ARCHAEOLOGY
Scroll Fight
Israel Antiquities Authority
versus Academia
Professor Hanan Eshel, 47, is a world-renowned specialist on ancient scrolls. For over two
decades, he has been conducting excavations at different sites around the
Judean Desert, a place where many ancient Hebrew scrolls have been found, including the Dead Sea Scrolls.
In August 2004, Eshel
received a call from his research assistant, Roi Porat, who informed him
that one of the Bedouin workers on their current excavation project
claimed that his family had an ancient scroll. The
Bedouin was willing to show the scroll to Eshel so that he could get an
appraisal of its worth.
Finding an ancient
scroll is the dream of every researcher in Eshel's field. And so,
Porat and he went to meet the Bedouin. "The Bedouin took out
of a medicine box four pieces of scroll, with verses from the book of
Leviticus," Eshel recalls. The Bedouin wanted 20
thousand dollars for the scroll.
Shortly after the
meeting, Eshel had to leave
Israel for six months for an overseas teaching engagement. In the meantime, he
instructed Porat to find the cave in Nahal Arugot, from where the
Bedouin had told them he had obtained to scrolls. After surveying the
area, Porat managed to find the cave- under the great dry waterfall of Nahal Arugot. The cave, technically across the Green Line, can only be
reached with the aid of climbing equipment. Porat climbed into the cave
and found it contained pottery and pieces of cloth from the Bar Kochba period. It was also clear that
local Bedouins were continuing to
dig in the cave and the surrounding areas in search of ancient
artifacts.
In November, Porat notified the Israel
Antiquities Authority of his excavations in the cave, submitted a report and
photos of the scroll.
When Eshel returned to Israel last February,
he discovered that the Bedouins had glued two parts of the scroll
together. The glue was damaging the scroll and could bring about its
disintegration. Eshel and Porat decided that the only way to save the
scroll would be to buy it. After protracted negotiations, Eshel bought
the scroll for $3,000. David Jesselson,
from Switzerland, who funds Eshel's research with a $50,000 annual
budget, provided the funds to buy the scroll.
Eshel first brought the scroll to the Israel
Museum's laboratories for preservation. Then he took it to the Israel Police,
where it could be inspected using infra-red photography. On April 14, Eshel met with Israel Antiquities Authority
(IAA) representative to arrange for the scroll's delivery to the IAA and to the Israel State Treasures. On
April 19, Eshel delivered the scrolls to the IAA, filled with pride that he had
saved a valuable ancient treasure from destruction or falling into the hands of a private
collector.
Six months later, police, armed with a
search warrant, knocked on Eshel's door.

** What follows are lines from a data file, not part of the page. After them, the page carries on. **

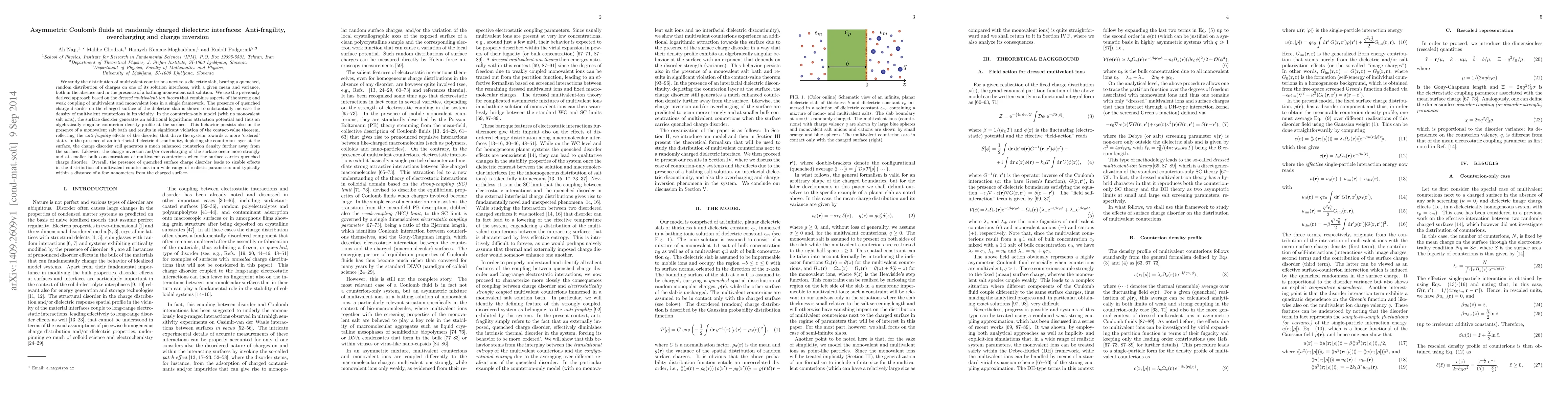 This study investigates the behavior of multivalent counterions near a dielectric slab with randomly charged interfaces, revealing that quenched charge disorder significantly increases counterion density and leads to phenomena like anti-fragility, overcharging, and charge inversion, especially under the influence of monovalent salt solutions. The disorder generates a logarithmic attraction potential, violating the contact-value theorem and enhancing counterion distribution over a few nanometers.
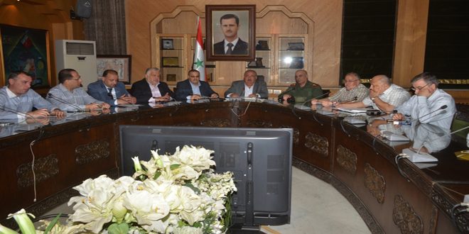 محافظ حلب الدكتور محمد مروان علبي شدد على ضرورة رفع سوية الأداء وتوحيد جهود جميع المديريات الخدمية والعمل بروح الفريق الواحد وسرعة التحرك عند حدوث الطوارئء لإنقاذ المصابين والقيام بالخطوات العملية الكفيلة بتقديم كل عون ممكن للأهالي المتضررين جراء الإرهاب.
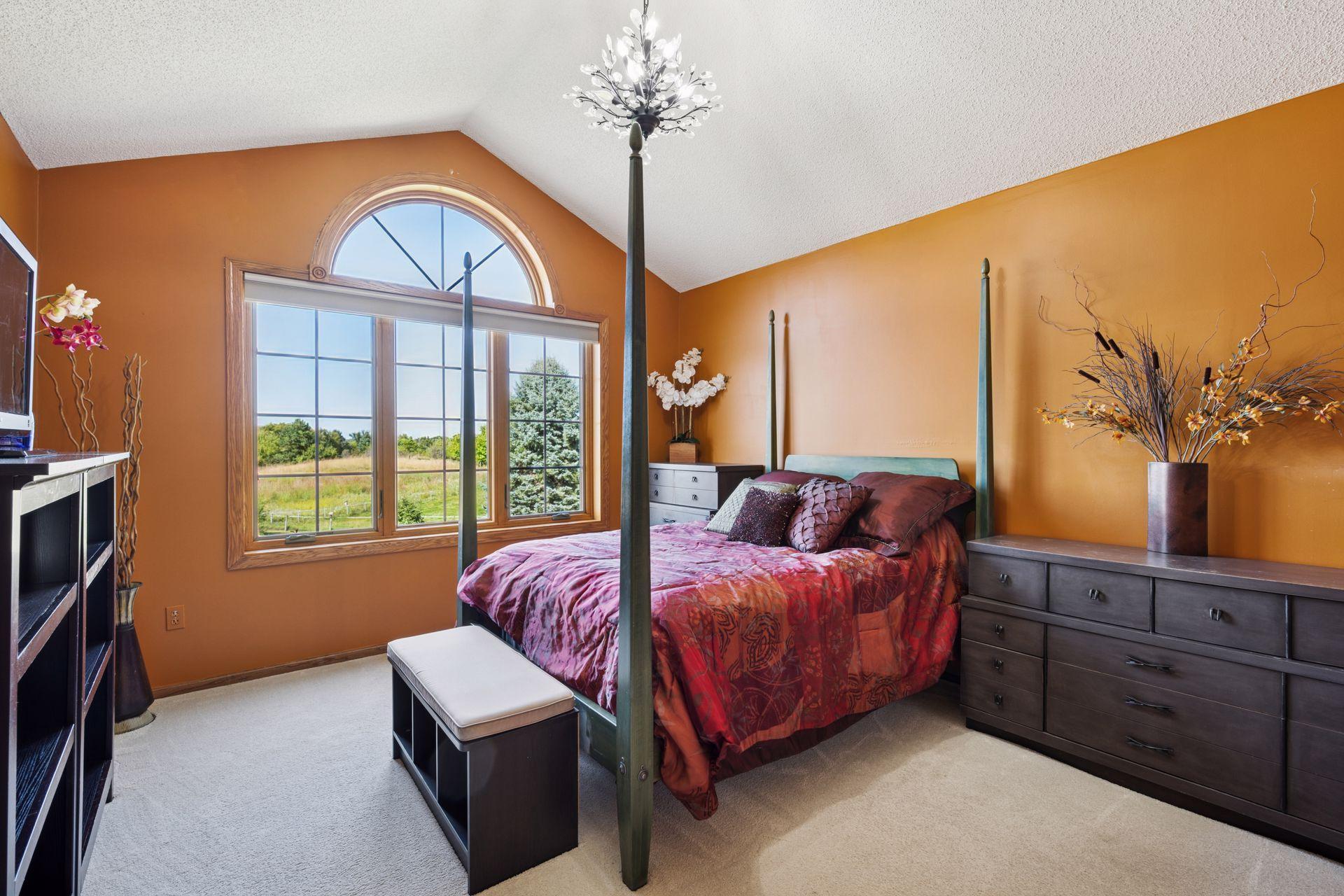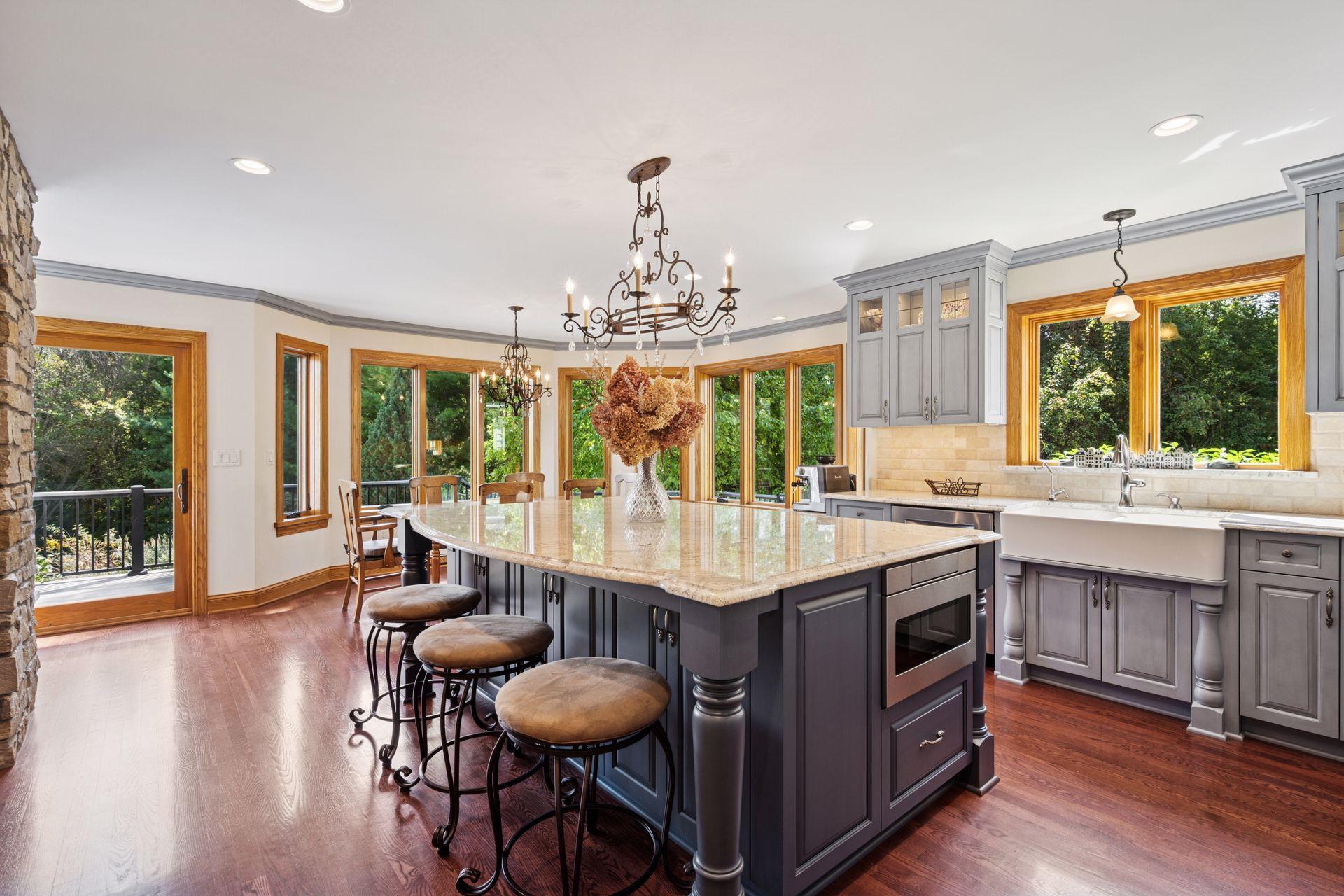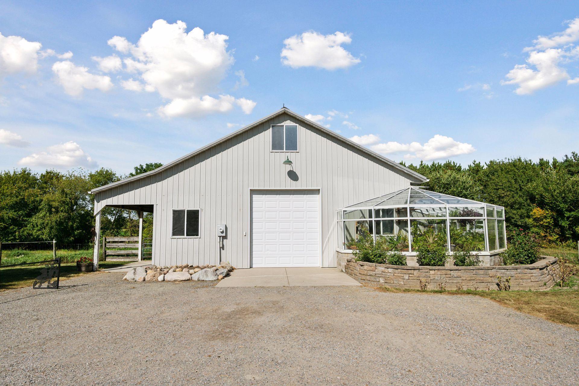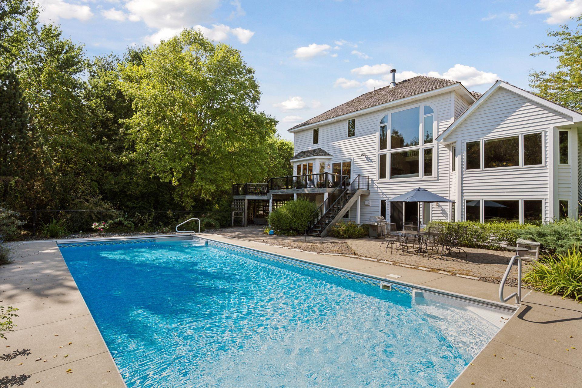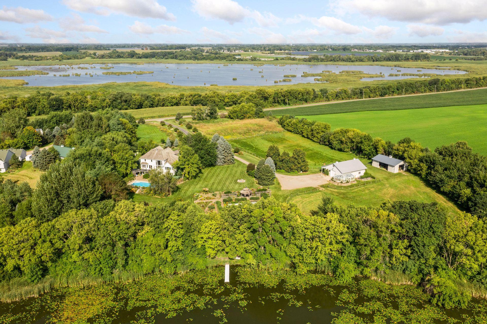 Welcome to your dream hobby farm retreat on the shore of Fountain Lake in Montrose, Minnesota. This charming traditional-style home is nestled at the end of a picturesque, tree-lined driveway surrounded by restored prairie, offering luxury, privacy and country charm. From masterfully designed perennial gardens with abundant wildlife, to a heated saltwater pool and whimsical play area, lovingly known as Neverland, every inch of this property is beautifully crafted. This property is truly special. Step inside and fall in love with the sun-filled family room boasting towering two-story windows, wood floors, and a fireplace. A formal dining room provides an elegant space for entertaining and is adjacent to a quiet office overlooking the front yard. The main floor primary suite serves as a private retreat with a ensuite bathroom and walk-in closet. The kitchen is the heart of the home, with a stunning gourmet kitchen featuring custom cabinetry, including a beautifully carved range hood, and a large center island with beautiful granite countertops. You will appreciate the extra storage and wine cooler in the butler's pantry. The kitchen is complete with beautiful views of the lake, pool, and gardens from the breakfast nook and informal dining area. Upstairs offers three spacious bedrooms, a Jack-and-Jill bath with double sinks. The downstairs is perfect for a movie night or entertaining friends, with a wet bar and easy access to the pool. Two spacious bedrooms, a playroom, two bathrooms, and plenty of storage complete the home. Cultivate new hobbies with the perennial gardens and raised flower beds, or in the greenhouse. Store your toys in the 45x30 toybox, or in the comfort of the divided 48x36 heated shop, complete with a floor drain. Want to raise chickens, goats or other animals, do so, in the back half of the shop. Offering peace, privacy, and endless opportunity, this property is ideal, whether you want to relax, raise animals, connect with nature, or start and grow your business. Welcome home!

He was told that the IAA was charging him with dealing in stolen
antiquities. The detectives, after searching his apartment, took the
professor down to the police station for questioning. A month later, he
was called in again for questioning. This time the IAA
invited the press to witness the arrival of the distinguished professor
at police headquarters for questioning.
The news created an uproar in the academic
world. The charges the IAA filed against Eshel were based on a technicality. The
scroll was found in the part of Nahal Arugot that is on the West Bank.
And so Eshel had broken the law by importing unregistered antiquities
into Israel.
"For forty years, nobody in the academic world
has found an ancient scroll in the Judean Desert," says Professor Magen
Broshi, who organized a petition signed by dozens of Israel's most
distinguished researchers. "What exactly did they expect Eshel to do,"
he asks, "drag the Bedouin by the ear to the nearest police station so
that he would give up his scroll?" Hershel Shanks, the editor of the
Biblical Archaeological Review, pointed out in a newspaper article that
the Dead Sea Scrolls, the IAA's most famous scrolls, were acquired under exactly the same circumstances.
The IAA refuses to
respond. IAA Director General Shuka Dorfman claims that he cannot
respond because the case is being investigated by the police. Most Israeli
archaeologists and researchers agree that the charges against Eshel are
purely a vindictive attempt by the IAA to show the academic community
who is in charge. And, of course, the IAA is also unhappy about the fact that the credit
for the find goes to Eshel and not to it.